Action item –
Could you repeat the records below exactly, leaving the pictures out?

Data records –
- - - -

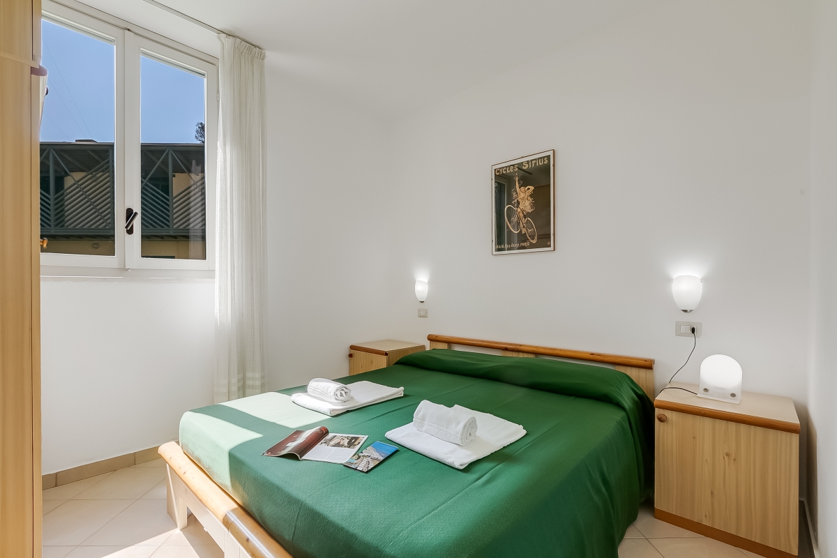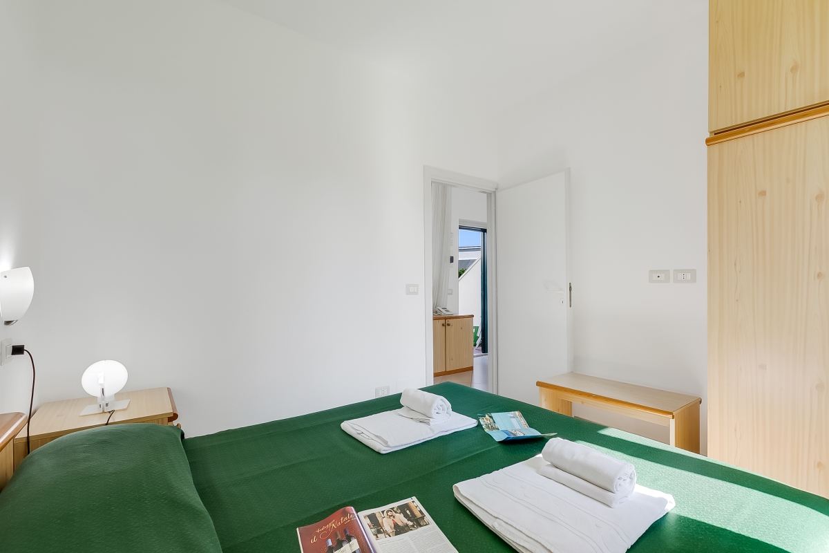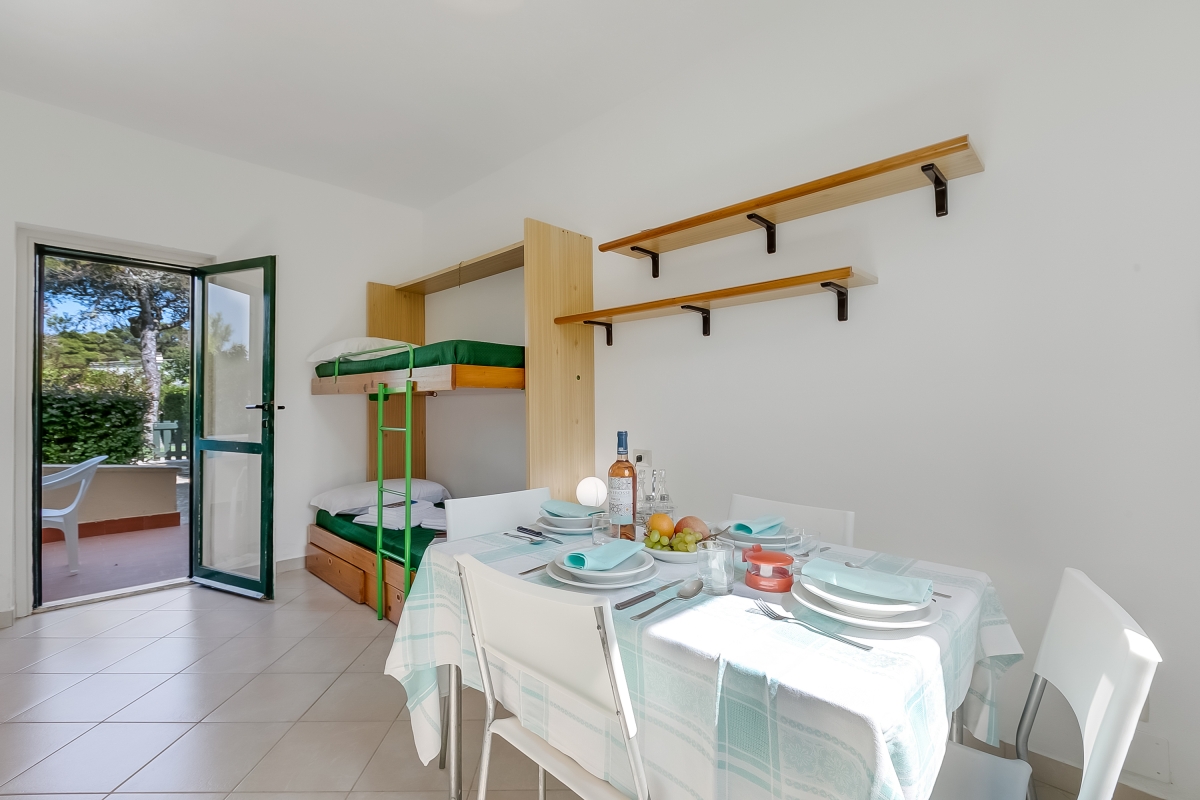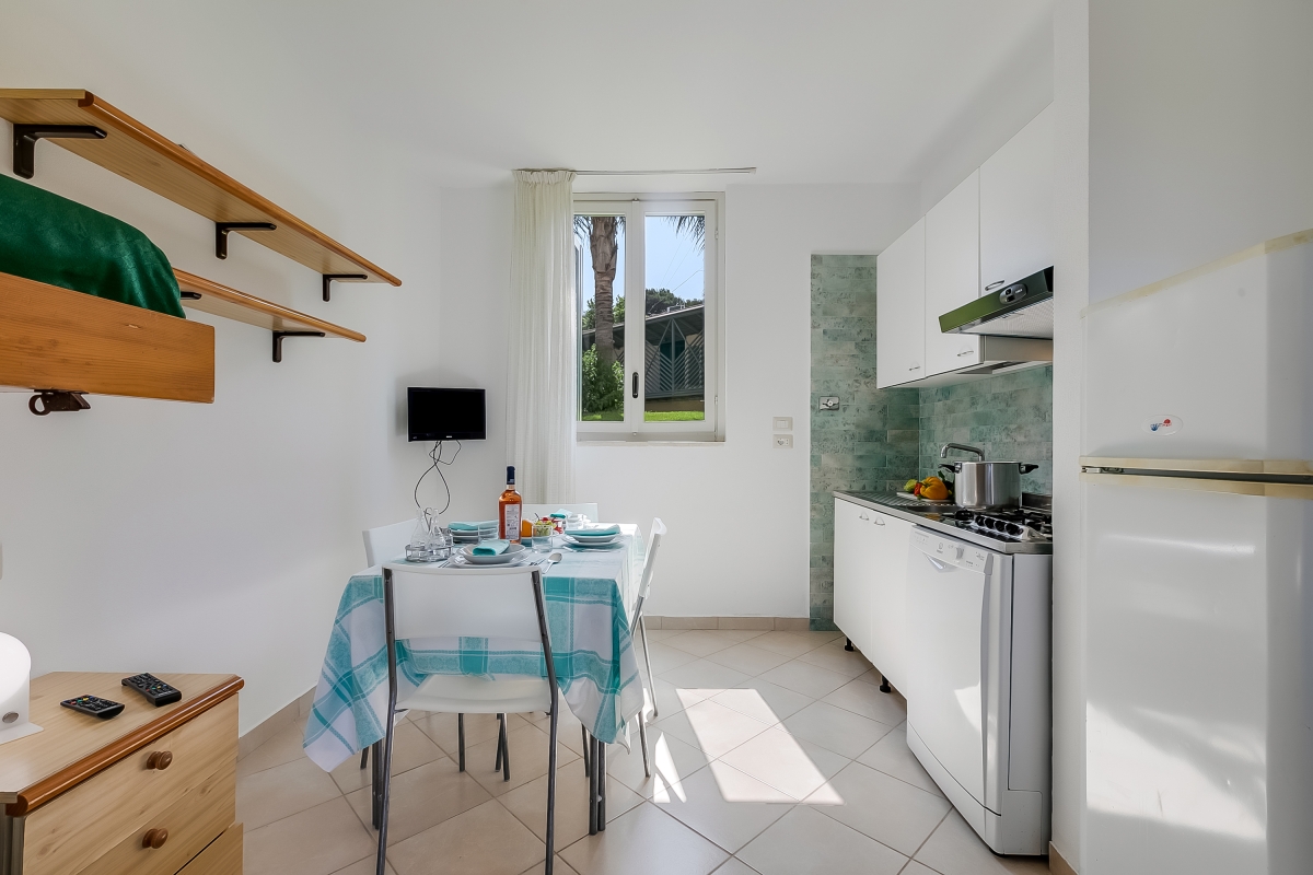 The ground-floor apartment for 4 people consists of an open-plan kitchen-dining area with a table for 4 and a tiled, fitted kitchen equipped with a cooker hob, Mokka coffee maker and a fridge/freezer.
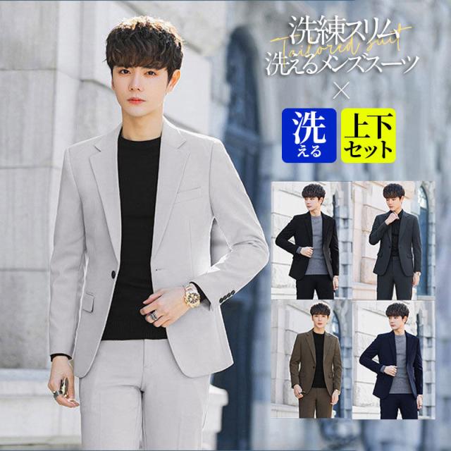 【~4/20まで P2倍+限定クーポン】 スーツ メンズ ビジネススーツ スリム 秋冬 春夏 40代 30代 50代 20代 セットアップ 上下洗える ストレッチ素材 紳士 結婚式 卒業式 10倍ポイント 送料無料
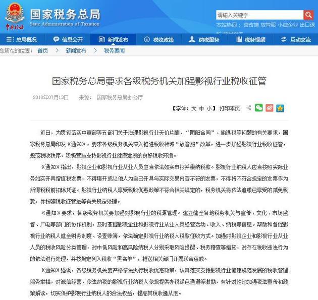 近日,國家稅務總局印發(fā)《通知》,進一步加強影視行業(yè)稅收征管,規(guī)范稅收秩序,積極營造支持影視行業(yè)健康發(fā)展的良好稅收環(huán)境?!锻ㄖ分赋觯耙暺髽I(yè)和影視行業(yè)從業(yè)人員應當依法如實申報并繳納稅款。影視行業(yè)納稅人應當按照實際業(yè)務如實開具增值稅發(fā)票,不得填開或讓他人為自己開具與實際交易內容不符的發(fā)票,不得將不符合規(guī)定的發(fā)票作為所得稅稅前扣除憑證?!锻ㄖ芬?,各級稅務機關要加強對影視行業(yè)的稅源管理。依法確定影視行業(yè)納稅人稅款征收方式。加強對影視企業(yè)和影視行業(yè)從業(yè)人員的稅收風險分類管理,對存在稅收違法行為的依法進行處理,并按規(guī)定列入稅收“黑名單”,推送相關部門開展聯(lián)合懲戒。
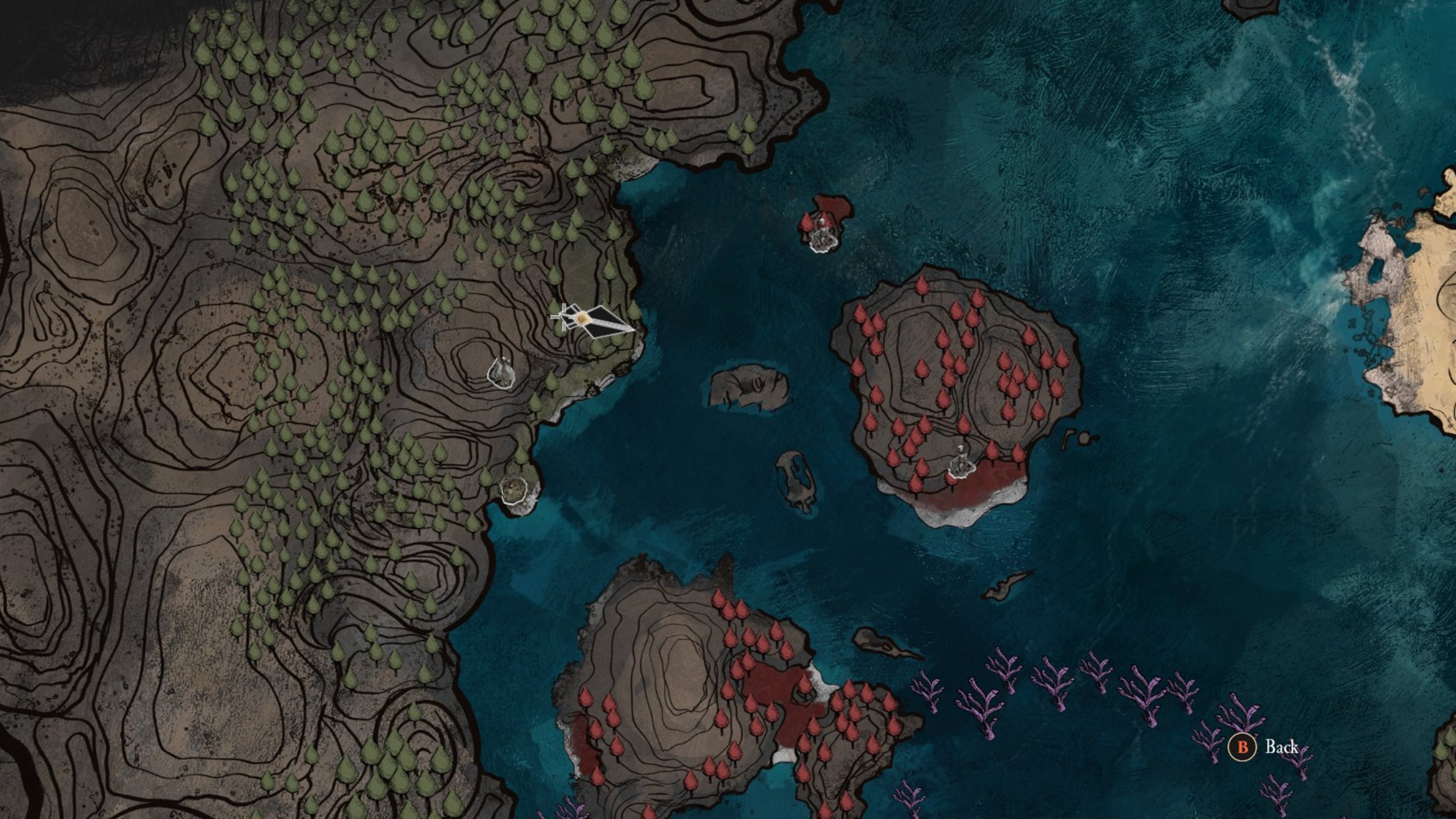 На северной окраине полуострова, справа будет небольшой пляж с врагами и потерянным жестралем. Если пропустите его, сможете вернуться сюда позже, пробив кораллы с помощью новой способности Эскье.
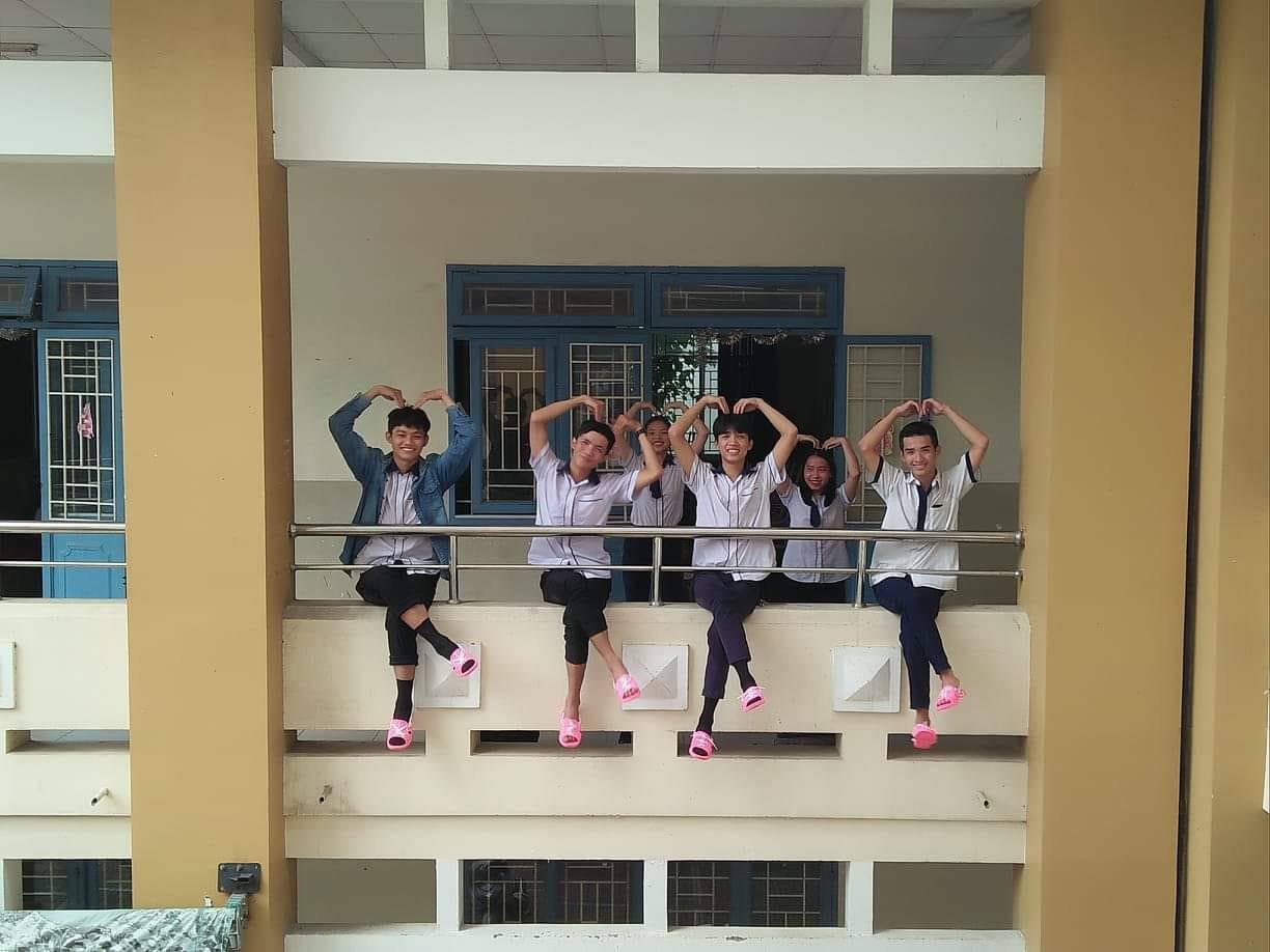 Đáng chú ý, các bạn nam sinh còn có biểu cảm đáng yêu với 2 cánh tay giơ lên làm thành hình trái tim rất “giả nice”.
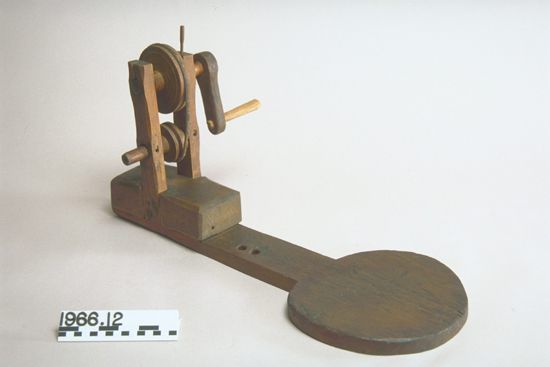Rounded board for operator to sit on in the seat chair. Hand crank and wooden spindle to hold quill. Oil holes at bearings.Collection
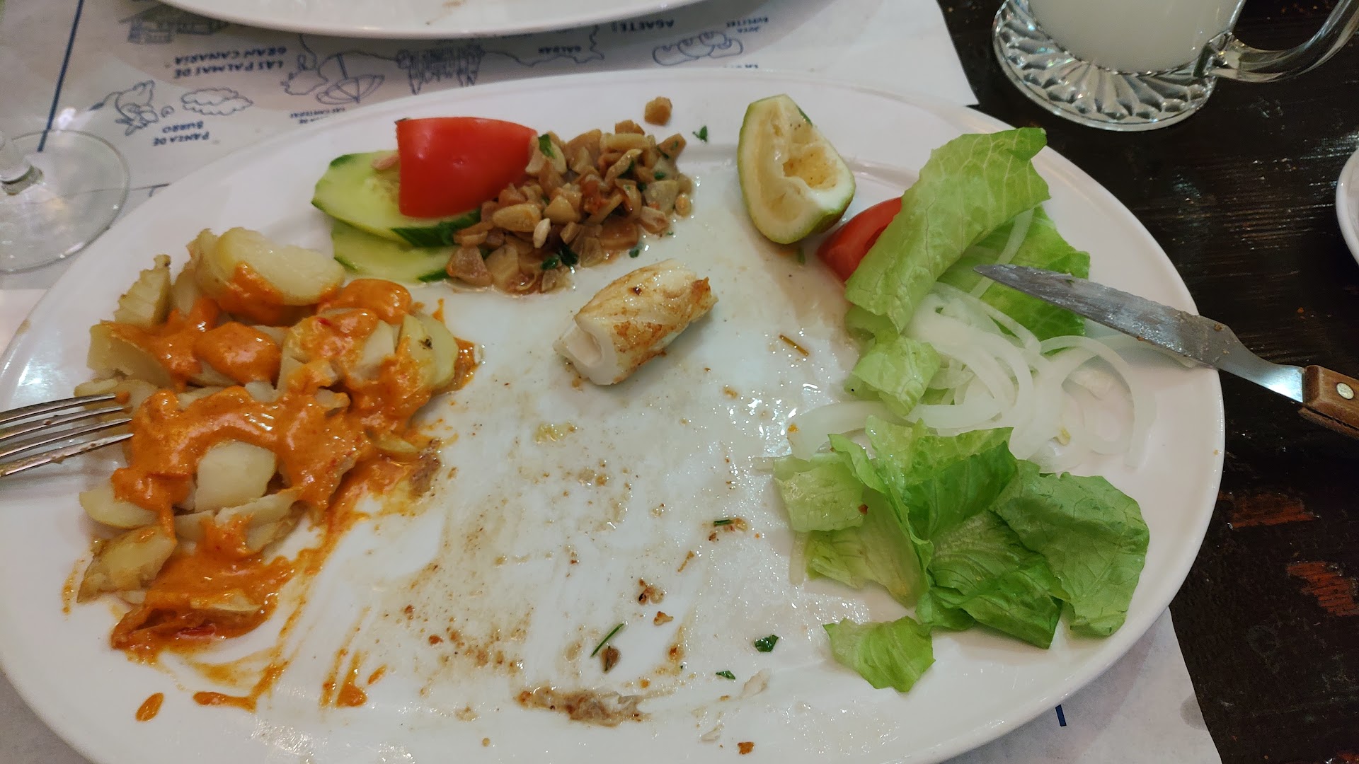 Storhetstiden var for over 25 år siden, som interiøret vitner om. På veggene kan man lese at restauranten var "best og the year" og "recomended" i 1996/1997, men ikke noe nyere. Dårlig akustikk som gjør at lydnivået blir svært høyt selv når det bare er 1/4 gjester der. Ingen lys på toalettet, håndsåpen var tom - og så til det verste: maten og lureriet! Når vi bestilte drikke fikk vi spørsmål om vi ville ha vann, ja sa vi, og den endte selvfølgelig på regningen til slutt. Etter vi hadde bestilt maten satte dem to halve baguetter på bordet med aioli som vi spiste.. Grønnsakene som kom med maten var frossent og kokt opp, salaten var strimlet gulrot og løk på to store salatblader. Blekkspruten jeg spiste hadde omtrent 10 hvitløksfedd på seg som var overkvalmende. Tunfisksalaten som en annen gjest tok var en seng av løk og tomat med kattemat-tunfisk på toppen. Når regningen kom hadde de tatt betalt for 2x brødet som de satte på bordet som vi ikke hadde bedt om. Vi sa det til servitøren, og hun sa at alle gjester får brød som må betales for, og vi må si at vi ikke vil ha det for at de ikke skal ta betalt for det.. Det er å lure folk. Når restauranten gir deg noe du ikke har bedt om så må de hvertfall informere om at de legger til 20NOK per halve baguett på regningen. Hun sa bare "jammen dere spiste brødet, gjorde dere ikke? Da må dere betale". Det handlet ikke om pengene, men om prinsippet. I tillegg er det en familiedrevet restaurant, så du må være klar for høylytte småbarn som danser rundt bordene, kjører sparkesykkel inne og behandler lokale som en barnehage. Frarådes på det sterkeste! Det var veldig dyrt også, så ta pengene dine et annet sted!
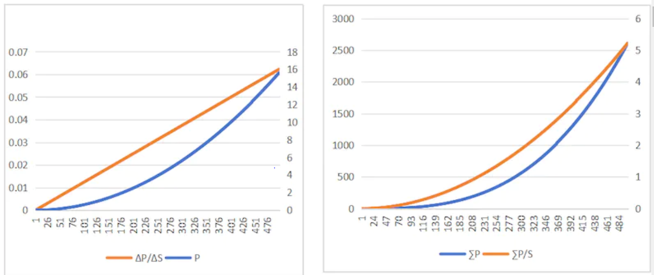 Ponzi 的内核是让早进入者赚钱,如果假想所有用户是一个一个排队进入的话,考虑 S 只能取整数,所以应该使用差分和求和。可以看出,ΔP/ΔS 是线性递增的,这保证了随着 Key 数量的增长,Key 的价格会增长,而且 Key 价格增长的速率也是递增的(即越涨越快)。
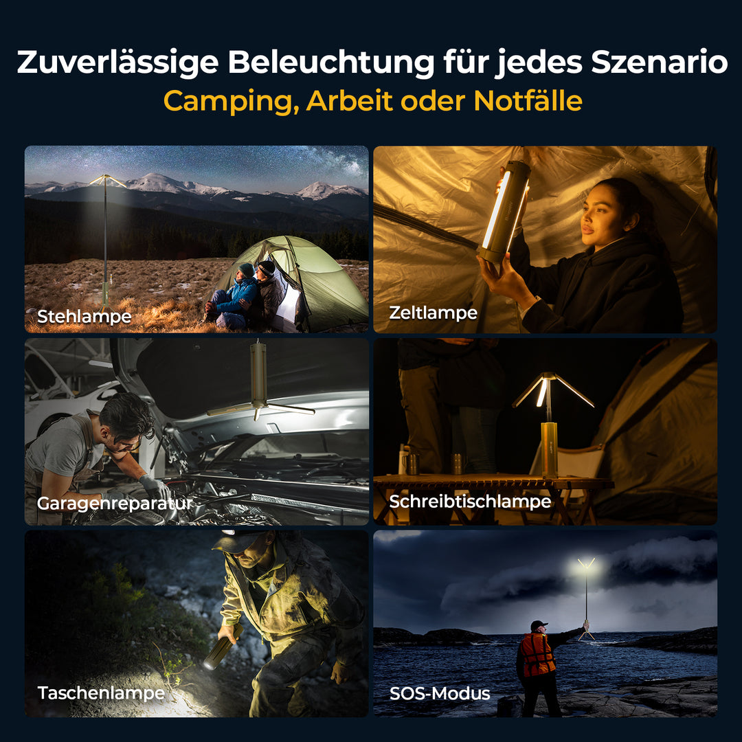 Ja, zu den gängigen Typen gehören Laternen, Scheinwerfer und taschenlampenähnliche Campingleuchten, die jeweils unterschiedlichen Zwecken und Vorlieben dienen. Die tragbare Campinglampe von BougeRV kann als Campinglaterne, Zeltlampe, Taschenlampe, Tischlampe oder Rucksacklampe verwendet werden.

- - - -

Your solution –
 The ground-floor apartment for 4 people consists of an open-plan kitchen-dining area with a table for 4 and a tiled, fitted kitchen equipped with a cooker hob, Mokka coffee maker and a fridge/freezer.
 【~4/20まで P2倍+限定クーポン】 スーツ メンズ ビジネススーツ スリム 秋冬 春夏 40代 30代 50代 20代 セットアップ 上下洗える ストレッチ素材 紳士 結婚式 卒業式 10倍ポイント 送料無料
 近日,國家稅務總局印發(fā)《通知》,進一步加強影視行業(yè)稅收征管,規(guī)范稅收秩序,積極營造支持影視行業(yè)健康發(fā)展的良好稅收環(huán)境?!锻ㄖ分赋觯耙暺髽I(yè)和影視行業(yè)從業(yè)人員應當依法如實申報并繳納稅款。影視行業(yè)納稅人應當按照實際業(yè)務如實開具增值稅發(fā)票,不得填開或讓他人為自己開具與實際交易內容不符的發(fā)票,不得將不符合規(guī)定的發(fā)票作為所得稅稅前扣除憑證?!锻ㄖ芬?,各級稅務機關要加強對影視行業(yè)的稅源管理。依法確定影視行業(yè)納稅人稅款征收方式。加強對影視企業(yè)和影視行業(yè)從業(yè)人員的稅收風險分類管理,對存在稅收違法行為的依法進行處理,并按規(guī)定列入稅收“黑名單”,推送相關部門開展聯(lián)合懲戒。
 На северной окраине полуострова, справа будет небольшой пляж с врагами и потерянным жестралем. Если пропустите его, сможете вернуться сюда позже, пробив кораллы с помощью новой способности Эскье.
 Đáng chú ý, các bạn nam sinh còn có biểu cảm đáng yêu với 2 cánh tay giơ lên làm thành hình trái tim rất “giả nice”.
Rounded board for operator to sit on in the seat chair. Hand crank and wooden spindle to hold quill. Oil holes at bearings.Collection
 Storhetstiden var for over 25 år siden, som interiøret vitner om. På veggene kan man lese at restauranten var "best og the year" og "recomended" i 1996/1997, men ikke noe nyere. Dårlig akustikk som gjør at lydnivået blir svært høyt selv når det bare er 1/4 gjester der. Ingen lys på toalettet, håndsåpen var tom - og så til det verste: maten og lureriet! Når vi bestilte drikke fikk vi spørsmål om vi ville ha vann, ja sa vi, og den endte selvfølgelig på regningen til slutt. Etter vi hadde bestilt maten satte dem to halve baguetter på bordet med aioli som vi spiste.. Grønnsakene som kom med maten var frossent og kokt opp, salaten var strimlet gulrot og løk på to store salatblader. Blekkspruten jeg spiste hadde omtrent 10 hvitløksfedd på seg som var overkvalmende. Tunfisksalaten som en annen gjest tok var en seng av løk og tomat med kattemat-tunfisk på toppen. Når regningen kom hadde de tatt betalt for 2x brødet som de satte på bordet som vi ikke hadde bedt om. Vi sa det til servitøren, og hun sa at alle gjester får brød som må betales for, og vi må si at vi ikke vil ha det for at de ikke skal ta betalt for det.. Det er å lure folk. Når restauranten gir deg noe du ikke har bedt om så må de hvertfall informere om at de legger til 20NOK per halve baguett på regningen. Hun sa bare "jammen dere spiste brødet, gjorde dere ikke? Da må dere betale". Det handlet ikke om pengene, men om prinsippet. I tillegg er det en familiedrevet restaurant, så du må være klar for høylytte småbarn som danser rundt bordene, kjører sparkesykkel inne og behandler lokale som en barnehage. Frarådes på det sterkeste! Det var veldig dyrt også, så ta pengene dine et annet sted!
 Ponzi 的内核是让早进入者赚钱,如果假想所有用户是一个一个排队进入的话,考虑 S 只能取整数,所以应该使用差分和求和。可以看出,ΔP/ΔS 是线性递增的,这保证了随着 Key 数量的增长,Key 的价格会增长,而且 Key 价格增长的速率也是递增的(即越涨越快)。
 Ja, zu den gängigen Typen gehören Laternen, Scheinwerfer und taschenlampenähnliche Campingleuchten, die jeweils unterschiedlichen Zwecken und Vorlieben dienen. Die tragbare Campinglampe von BougeRV kann als Campinglaterne, Zeltlampe, Taschenlampe, Tischlampe oder Rucksacklampe verwendet werden.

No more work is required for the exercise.